Checkpoint Count/SCN, What It Is ….

A question came on this thread at the OTN forums asking that what is the “Checkpoint SCN” and “Checkpoint Count” and followed by another question that from where we can see both. It took a little while to figure out the answer of the question that where is the checkpoint counter stored so in this post, I shall be discussing that along with the answer of the original question.

What is a Checkpoint

Starting from the term, checkpoint, it’s an event when the Database Writer process is going to flush the dirty buffers to the data file. This is an on-going activity and shall be happening all the time. The benefit would be,since the number of the dirty buffers would be constantly flushed out to the disk, most of the buffers would be already saved on the disk with their changed images(without a commit) and in the event of the next instance crash, wouldn’t need to get recovered for the instance recovery. The checkpoint number is going to be constantly incremented in the data file’s header and in the control file and the background process CKPT takes care of it.

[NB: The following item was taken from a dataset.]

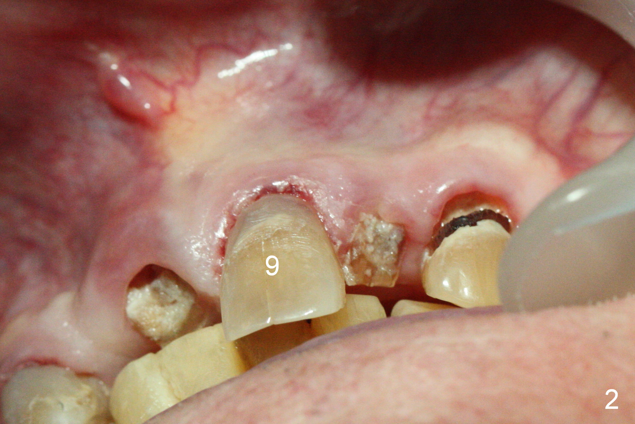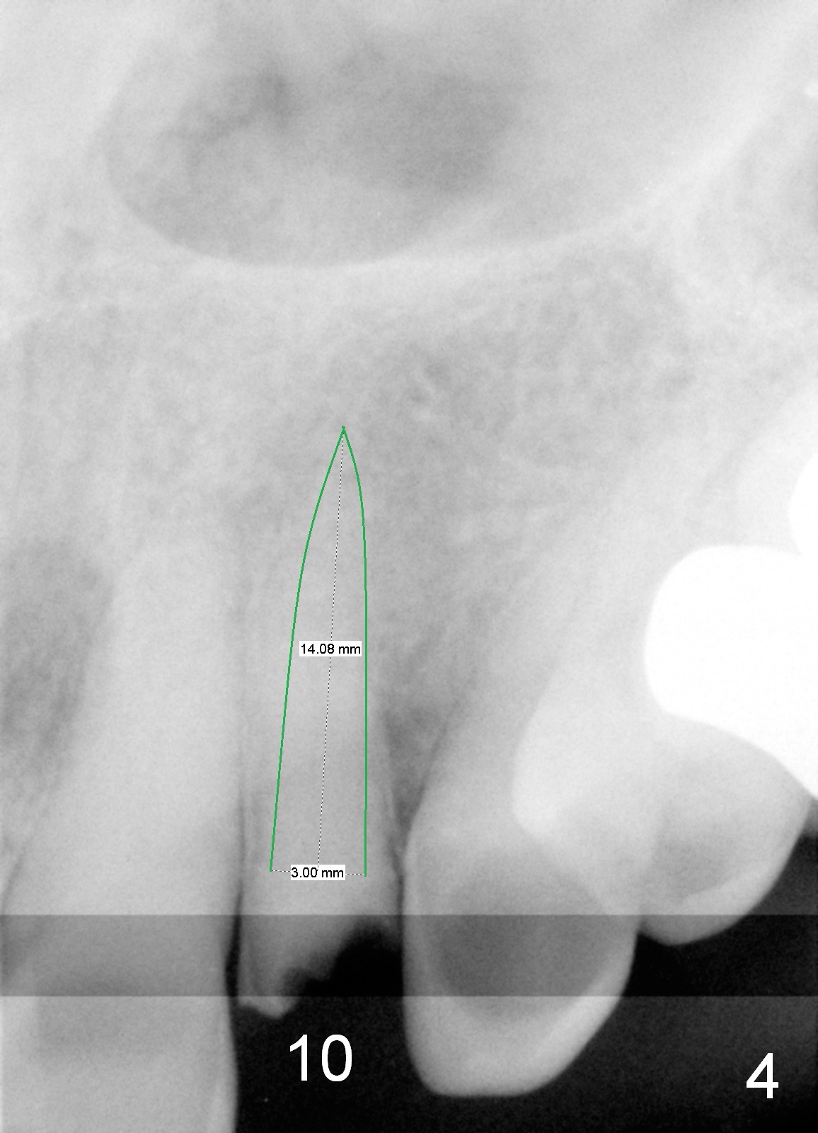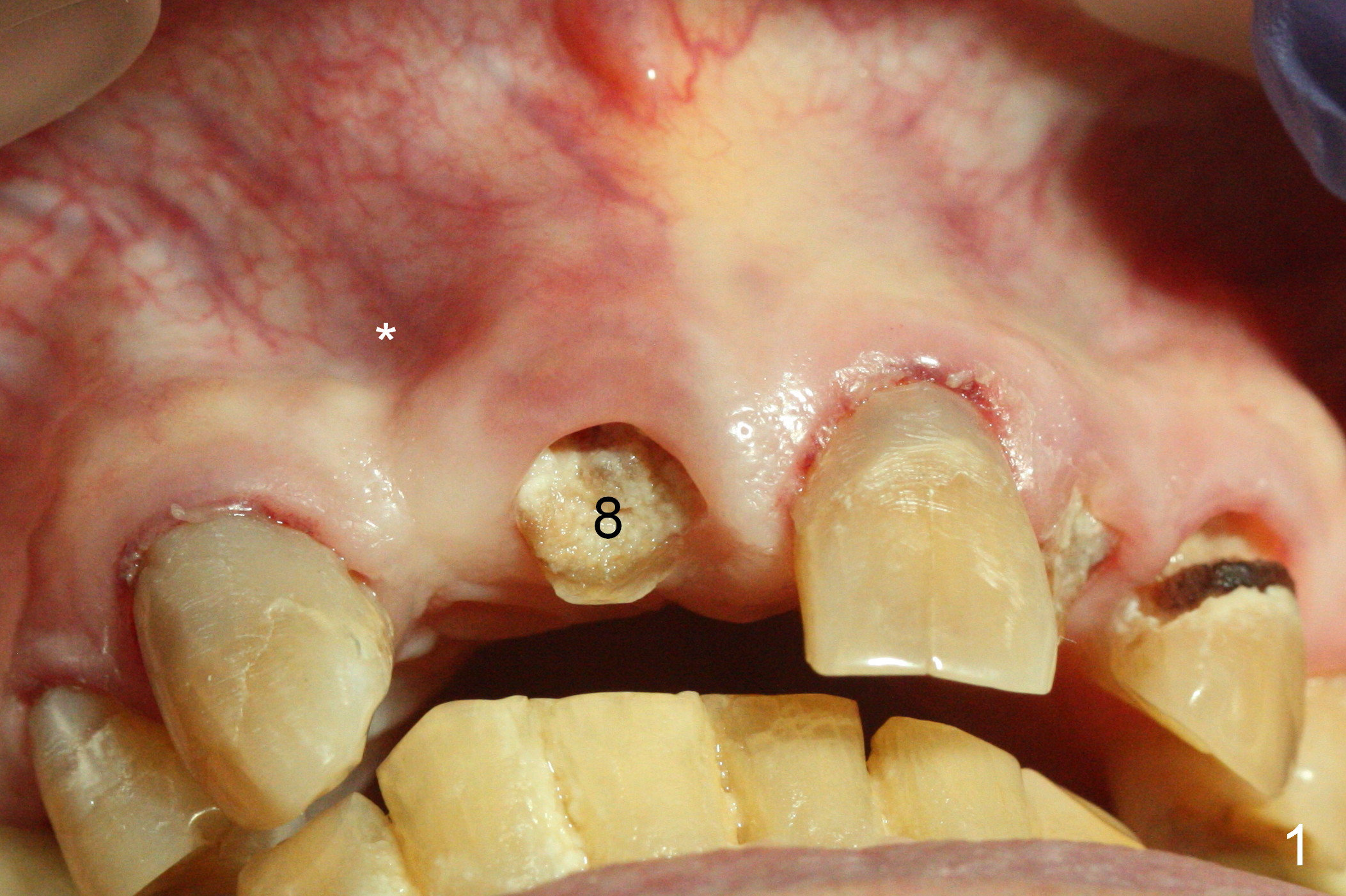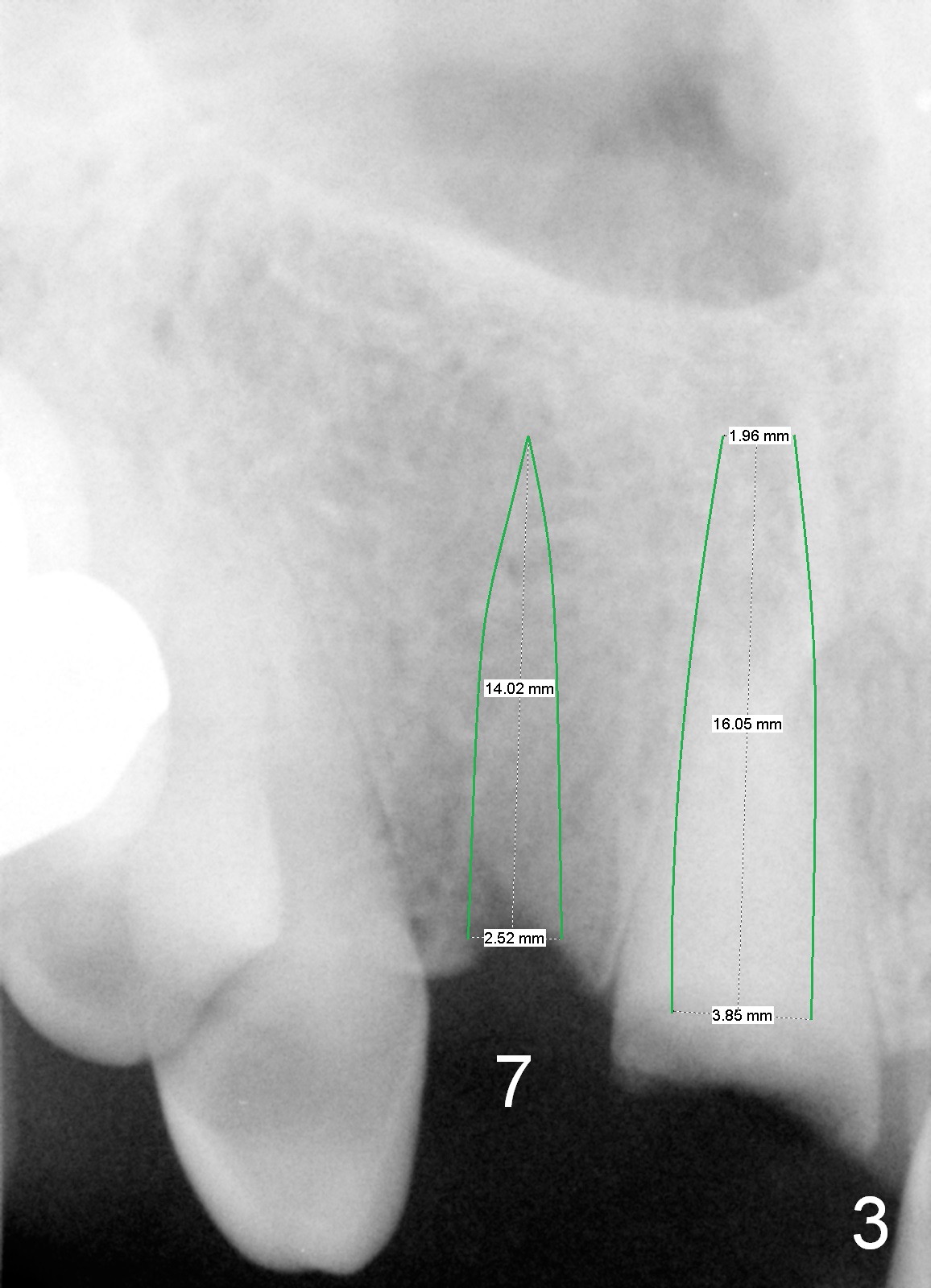 A 88-year-old man (CA) has severe xerostomia-induced caries. After caries control, implants will be placed at #7, 8 and 10 with narrow mesiodistal width (Fig.1,2). Note concavity at the apical buccal plate (*). To prevent perforation, an angled 1-piece implant will be used at #7. Try to place the implant in the middle of the alveolus (digital palpation while drilling) and let the angled abutment take care of the trajectory. To preserve papillae, flapless approach is going to be adopted. Initial depth at these sites will be 12,14 and 14 mm, respectively (Fig.3,4). Use Boley gauge to measure widths of the root to determine the diameter of the implant.

I believe the above few lines should make the basic of the checkpoint clear. Now, to make things a little more complex, there isn’t just one type of checkpoint happening at one specific event but there are many! And they do happen whenever the respective event responsible for that checkpoint event occurs. For the complete list of the checkpoint event, you can check this blog post of Jonathan Leiws, http://jonathanlewis.wordpress.com/2007/04/12/log-file-switch/ . As the question asked was about Checkpoint SCN, so we shall just discuss only one type of checkpoint which is related to it, Thread Checkpoint.

Thread Checkpoint

This type of checkpoint is caused when the log switch happens and because of that, DBWR is asked to do a flush of the dirty buffers whose change vectors are protected by the "active" redo log that needs to be checkpointed now to become "inactive" so that it can be reused. This event information is updated in both the data file headers and the control file. Also, this checkpoint number is going to be the same number that’s going to be there in the redo log file that’s going to be the current redo log file and is shown with the Checkpoint_Change# from the V$datafile_header view. This would be the same number that can be verified from the v$log , from the current thread of it. We can see it below. The output is from 11203 running on OEL5.3(x86),

SQL> select  group#, first_change#,status from V$log;

    GROUP# FIRST_CHANGE# STATUS
———- ————- —————-
         1       1407847 CURRENT
         2       1407825 INACTIVE
         3       1407831 INACTIVE

SQL> select file#, checkpoint_change# from V$datafile_header;

     FILE# CHECKPOINT_CHANGE#
———- ——————
         1            1407847
         2            1407847
         3            1407847
         4            1407847
         5            1407847
         6            1407847

6 rows selected.

So we can see the the checkpoint recorded in the headers of the datafile is the same what’s recorded as the lowest SCN in the current redo log file. This means, this is the first ever SCN from where this log file got opened. Now, there is another column in the V$LOG which is NEXT_CHANGE# which is going to be the highest SCN that was ever recorded in that log file before it got closed and was switched over. If this log group is not a Current one, this column would be populated with a valid number that would become the first SCN or lowest SCN from where, the next log group would start functioning and the same would be recorded as the highest checkpoint recorded in the headers of the data files. But if the log group is a Current one, since Oracle can’t determine the highest SCN that would come in it, the value for the column NEXT_CHANGE# is stored as a very high value 281474976710655.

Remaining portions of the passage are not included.